You know we're in dire straights when people are asking WWDD? (What Would Detroit Do).
Wednesday, August 6, 2008
So it Goes
That is assuming, of course, that Hizzhonah is in the city or state. On one of the local talk radio shows on Tuesday, a caller said that she was in Dallas and ran into Arch Duke of alopecia complaining at the car rental agency not having the Escalade he reserved. We can't get him to take the recovery process seriously, but you try to put him in a subcompact at Hertz and he will coldcock anyone within arms reach.
Do we really have to take this for another 700 plus days? I hear people say "just two more years", that's like telling Sisyphus "just a few more steps". Because there is always the chance that we will end up at the bottom of the hill with someone just as worthless, I know it seems impossible, but nothing surprises me anymore.
just to punctuate how S.O.L. we really are, I post this for your viewing pleasure. Just a few more steps...
Tuesday, August 5, 2008
Zing!
Monday, August 4, 2008
We Got it...Now We Need to Get Rid of It.
People don't get it, we got it. They don't care, they don't want to hear about it and very few give us much of a chance of making it in the long run. After my anger abated, I realized while comments like this from outside our area sting, comments just like this on the TP site are even more of a kick to the crotch. People from what we like to call the Greater New Orleans area (much to their chagrin apparently) also question the desire to rebuild our city with as much venom and petty small-mindedness as people who have never set foot on our soggy soil.
Thinking about the fact we can't get support from people who should be thinking "there but for the grace of God, go I" really gets me whipped up into a frothy frenzy. While considering and questioning why we continue pushing the proverbial rock up the hill of public sentiment, I had a moment of clarity. These moments are few and far between, making them all the more powerful when they occur. In that moment I realized we need to take some responsibility for the "why bother rebuilding New Orleans" point of view.

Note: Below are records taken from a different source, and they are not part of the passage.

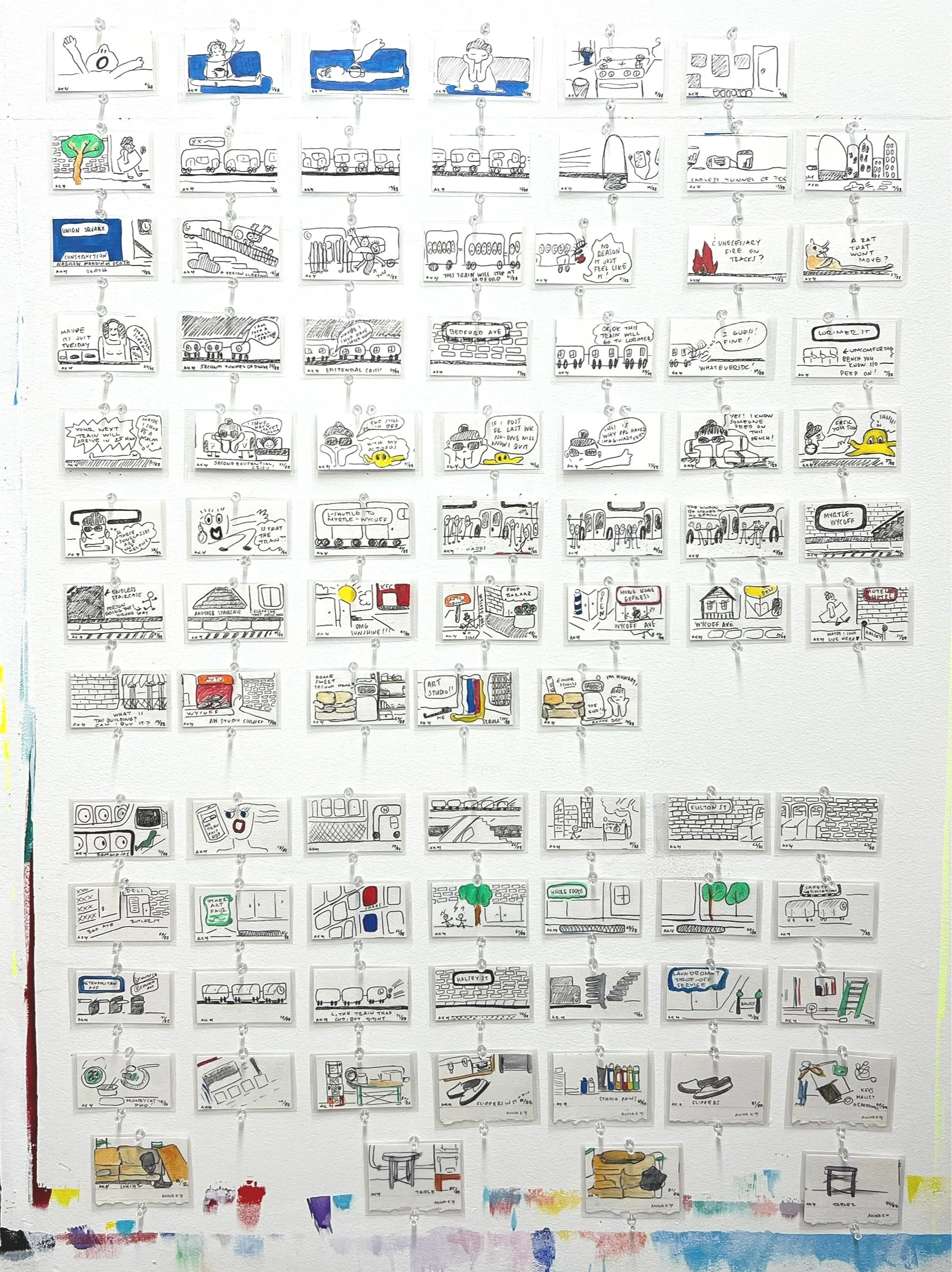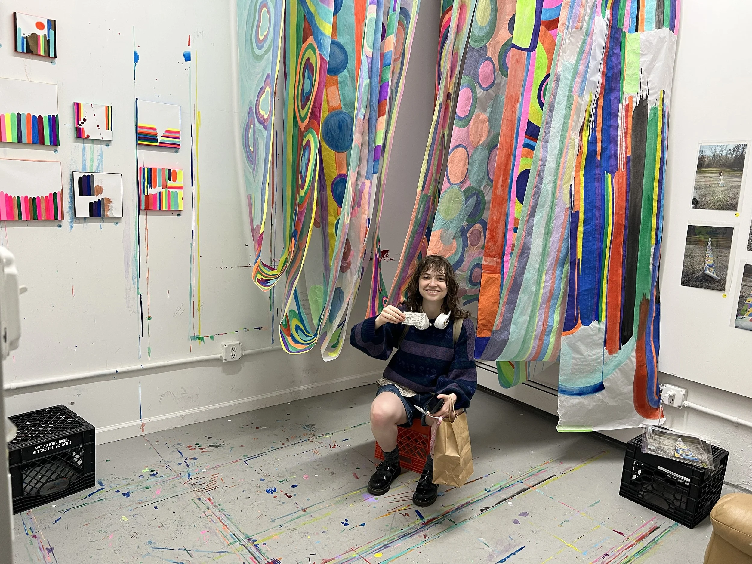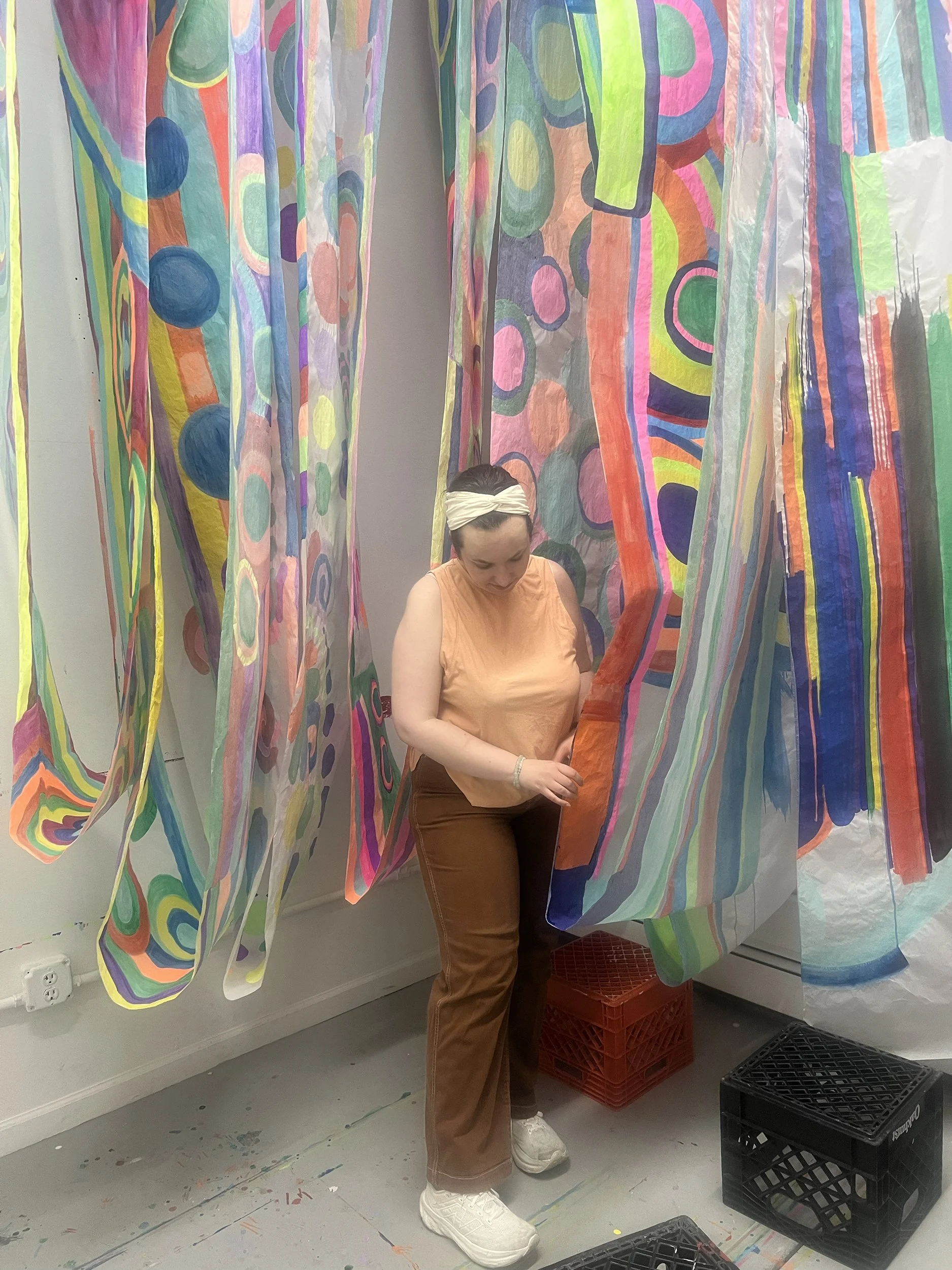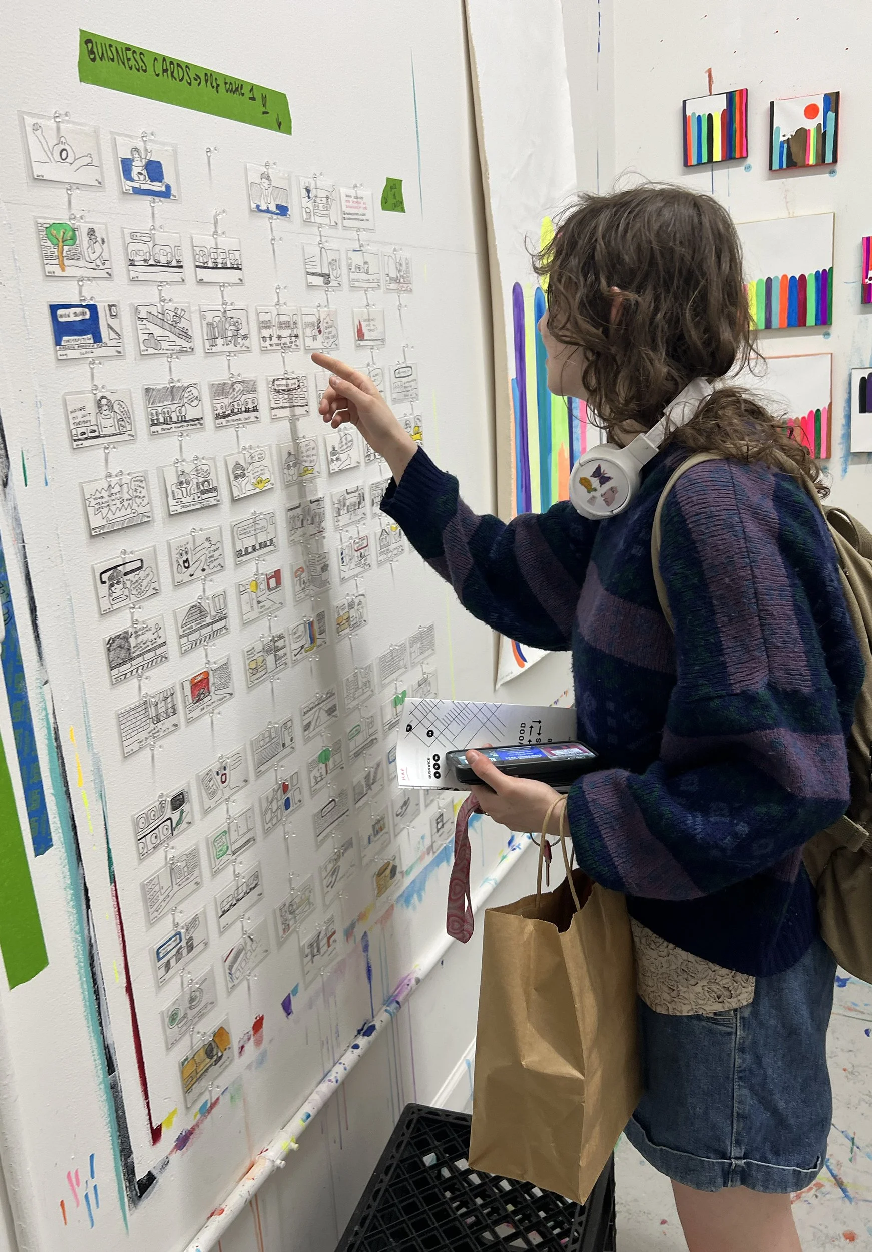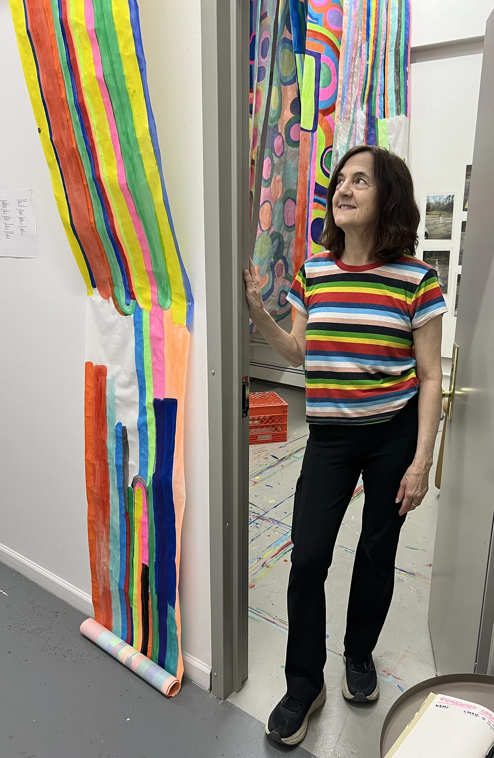 Anna moved her studio to Ridgewood in 2021. She participated in the 2025 Ridgewood Open Studio. For R.O.S. Anna installed Mental Laundry as a tongue-in-cheek interactive installation. Visitors were invited to touch, feel and live inside this scroll. Anna strongly believes that art should be inclusive and relational. She also created a comic about her trials and tribulations commuting from where she lives in Astoria to Ridgewood. Viewers were invited to take a piece of this comic home as a laminated buisness card. Watching viewers interact and identify with this comic remains a highlight for Anna.
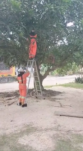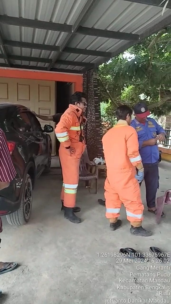 Setelah menerima laporan dari masyarakat, personil dari UPT Damkar Kecamatan Mandau langsung menuju ke lokasi kejadian untuk melakukan evakuasi, tim yang turun dalam kejadian tersebut Danton Jefrianto, Anggota regu 03
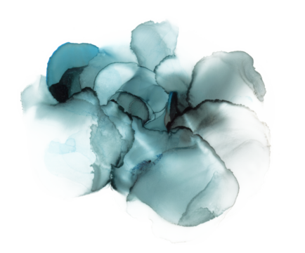 Png Abstract smoke blot watercolor blue color painting on transparent background. Marble alcohol ink.
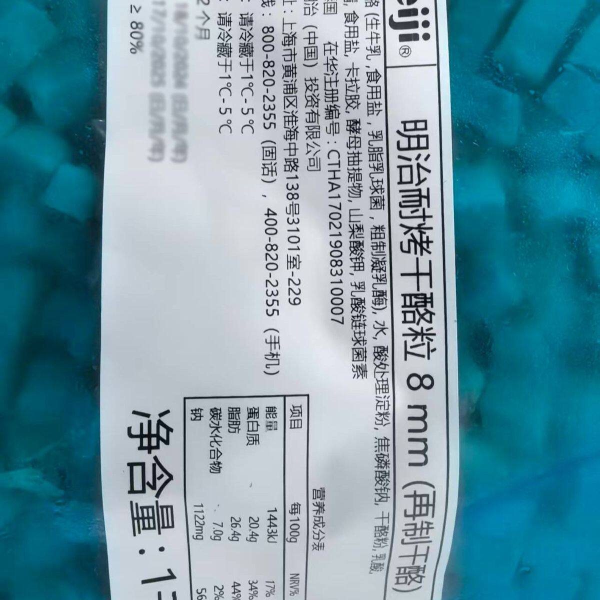 📚 明治高熔点奶酪丁1kg烘焙奶酪耐高温烘烤芝士粒

Obviously, we don't bear the responsibility for the Federal Flood, some members of Levee Board, notwithstanding. But we have to own up to the fact that after the small window of civic pride we expressed after we returned complete with hugs on the streets for neighbors, friends and sometimes complete strangers, we set about doing things the way we always have for the most part. Some things need to done the way they always have been, those traditions are many and varied and don't need to be listed here. But one thing we need to stop doing is laughing off the epidemic of government inefficacy, and corruption.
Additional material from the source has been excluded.